Prompt: For the data below, transcribe the part that opens with the line containing "黒い布は持っていなかったので、黒いチェックの布を何枚か重ねて縫い付けました" and closes with the line containing "Sakarya Büyükşehir Belediyesi, 1-7", exactly and with no pictures.

Material provided:

★ ★ ★ ★ ★

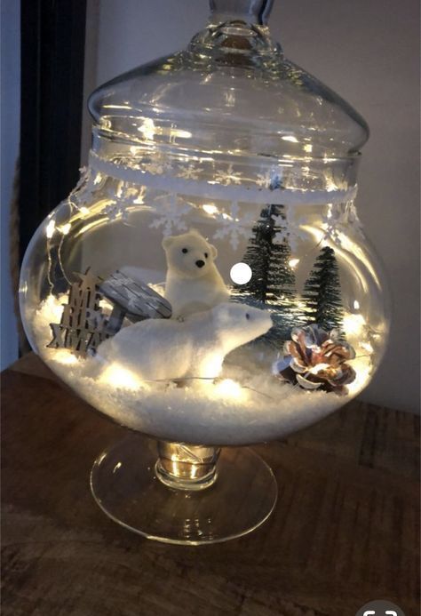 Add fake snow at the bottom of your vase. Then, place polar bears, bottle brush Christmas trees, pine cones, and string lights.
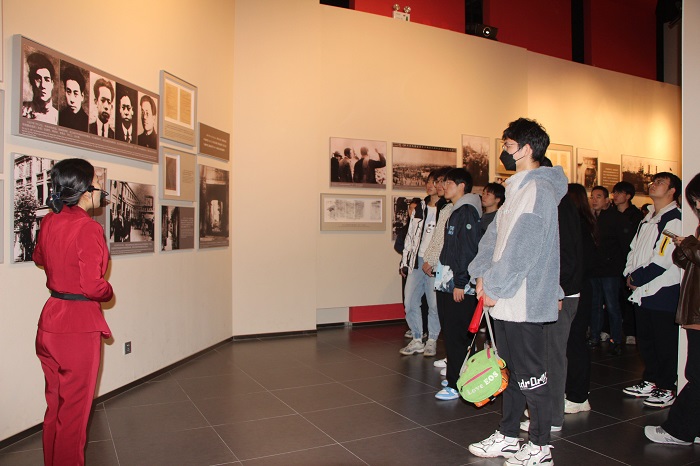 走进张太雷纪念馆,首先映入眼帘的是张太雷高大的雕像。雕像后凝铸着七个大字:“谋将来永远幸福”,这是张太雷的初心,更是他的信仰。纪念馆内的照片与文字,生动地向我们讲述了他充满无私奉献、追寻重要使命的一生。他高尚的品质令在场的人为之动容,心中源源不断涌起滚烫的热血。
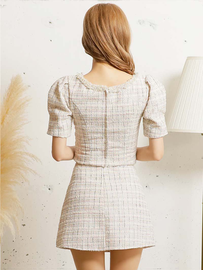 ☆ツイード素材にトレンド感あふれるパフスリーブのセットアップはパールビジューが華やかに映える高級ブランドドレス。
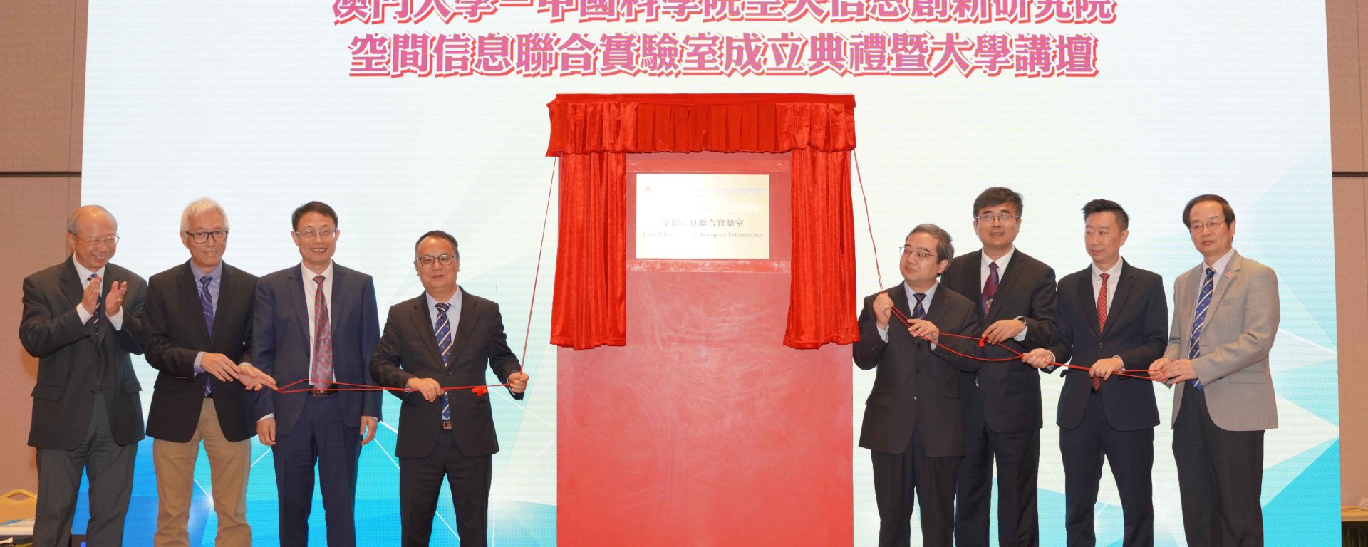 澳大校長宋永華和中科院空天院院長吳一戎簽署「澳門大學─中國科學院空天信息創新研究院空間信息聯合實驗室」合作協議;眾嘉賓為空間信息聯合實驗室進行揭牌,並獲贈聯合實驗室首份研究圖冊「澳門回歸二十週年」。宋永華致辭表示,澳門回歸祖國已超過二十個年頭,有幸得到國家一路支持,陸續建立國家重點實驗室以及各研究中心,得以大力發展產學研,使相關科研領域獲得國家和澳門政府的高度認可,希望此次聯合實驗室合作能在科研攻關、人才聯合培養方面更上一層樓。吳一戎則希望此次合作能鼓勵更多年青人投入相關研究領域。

★ ★ ★ ★ ★

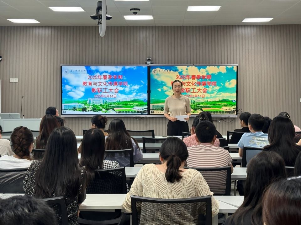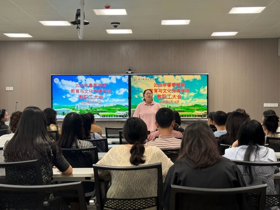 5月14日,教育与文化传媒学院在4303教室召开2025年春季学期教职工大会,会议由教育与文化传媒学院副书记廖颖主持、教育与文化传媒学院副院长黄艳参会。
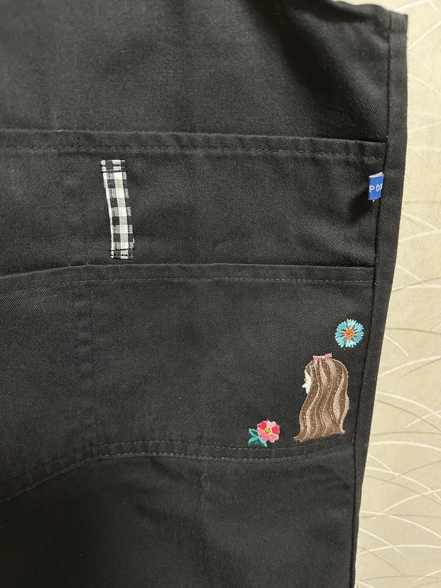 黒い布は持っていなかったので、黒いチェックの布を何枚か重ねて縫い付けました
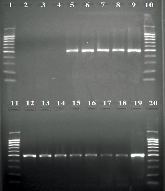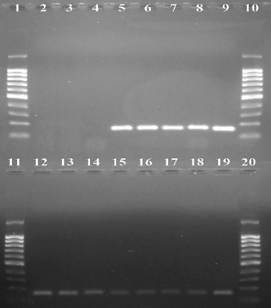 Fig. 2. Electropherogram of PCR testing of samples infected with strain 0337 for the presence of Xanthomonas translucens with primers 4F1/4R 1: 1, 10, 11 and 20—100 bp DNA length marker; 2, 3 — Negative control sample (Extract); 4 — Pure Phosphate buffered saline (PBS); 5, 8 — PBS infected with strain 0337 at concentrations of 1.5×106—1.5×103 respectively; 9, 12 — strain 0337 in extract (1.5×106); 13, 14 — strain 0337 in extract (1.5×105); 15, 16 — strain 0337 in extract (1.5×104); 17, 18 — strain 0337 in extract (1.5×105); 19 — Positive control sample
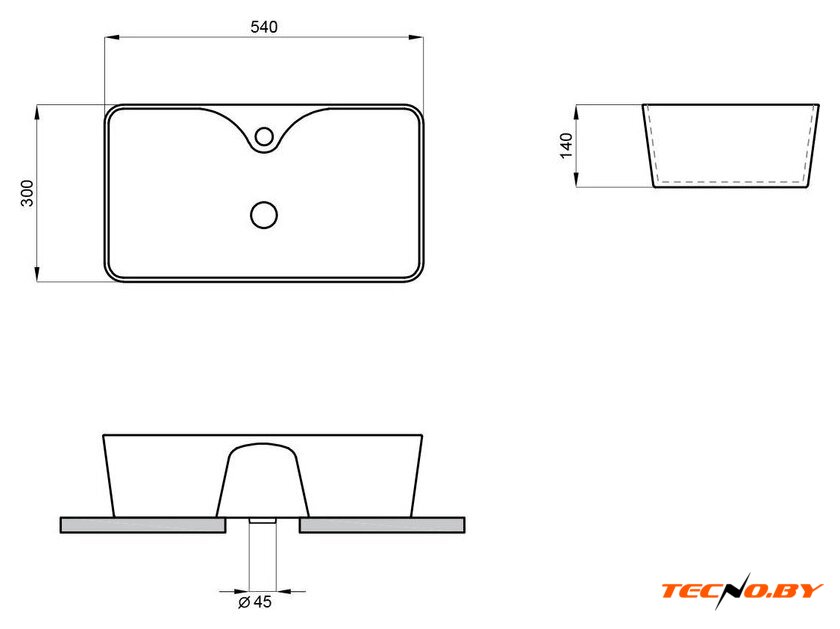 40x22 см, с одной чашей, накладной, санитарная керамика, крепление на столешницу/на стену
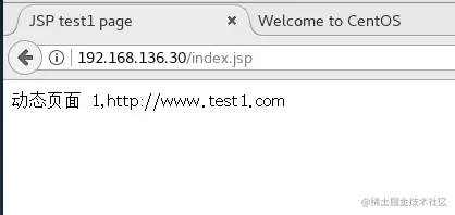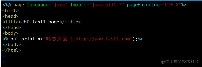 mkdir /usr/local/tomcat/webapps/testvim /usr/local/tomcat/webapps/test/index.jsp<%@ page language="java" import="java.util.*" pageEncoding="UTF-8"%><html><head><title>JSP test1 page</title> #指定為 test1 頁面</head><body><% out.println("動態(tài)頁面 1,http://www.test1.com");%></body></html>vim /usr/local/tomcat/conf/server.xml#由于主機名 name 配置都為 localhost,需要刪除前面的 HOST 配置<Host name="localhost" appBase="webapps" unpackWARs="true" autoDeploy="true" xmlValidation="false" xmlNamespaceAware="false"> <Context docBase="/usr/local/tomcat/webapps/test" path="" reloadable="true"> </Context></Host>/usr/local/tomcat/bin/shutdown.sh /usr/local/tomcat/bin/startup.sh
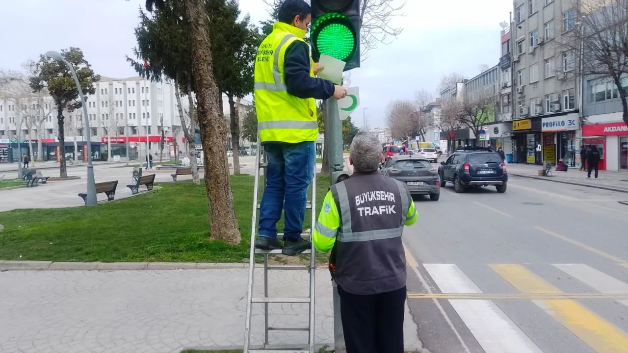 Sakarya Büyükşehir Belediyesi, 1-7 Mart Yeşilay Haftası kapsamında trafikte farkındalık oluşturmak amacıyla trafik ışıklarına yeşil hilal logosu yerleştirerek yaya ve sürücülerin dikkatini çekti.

★ ★ ★ ★ ★

Solution:
 黒い布は持っていなかったので、黒いチェックの布を何枚か重ねて縫い付けました
 Fig. 2. Electropherogram of PCR testing of samples infected with strain 0337 for the presence of Xanthomonas translucens with primers 4F1/4R 1: 1, 10, 11 and 20—100 bp DNA length marker; 2, 3 — Negative control sample (Extract); 4 — Pure Phosphate buffered saline (PBS); 5, 8 — PBS infected with strain 0337 at concentrations of 1.5×106—1.5×103 respectively; 9, 12 — strain 0337 in extract (1.5×106); 13, 14 — strain 0337 in extract (1.5×105); 15, 16 — strain 0337 in extract (1.5×104); 17, 18 — strain 0337 in extract (1.5×105); 19 — Positive control sample
 40x22 см, с одной чашей, накладной, санитарная керамика, крепление на столешницу/на стену
 mkdir /usr/local/tomcat/webapps/testvim /usr/local/tomcat/webapps/test/index.jsp<%@ page language="java" import="java.util.*" pageEncoding="UTF-8"%><html><head><title>JSP test1 page</title> #指定為 test1 頁面</head><body><% out.println("動態(tài)頁面 1,http://www.test1.com");%></body></html>vim /usr/local/tomcat/conf/server.xml#由于主機名 name 配置都為 localhost,需要刪除前面的 HOST 配置<Host name="localhost" appBase="webapps" unpackWARs="true" autoDeploy="true" xmlValidation="false" xmlNamespaceAware="false"> <Context docBase="/usr/local/tomcat/webapps/test" path="" reloadable="true"> </Context></Host>/usr/local/tomcat/bin/shutdown.sh /usr/local/tomcat/bin/startup.sh
 Sakarya Büyükşehir Belediyesi, 1-7 Mart Yeşilay Haftası kapsamında trafikte farkındalık oluşturmak amacıyla trafik ışıklarına yeşil hilal logosu yerleştirerek yaya ve sürücülerin dikkatini çekti.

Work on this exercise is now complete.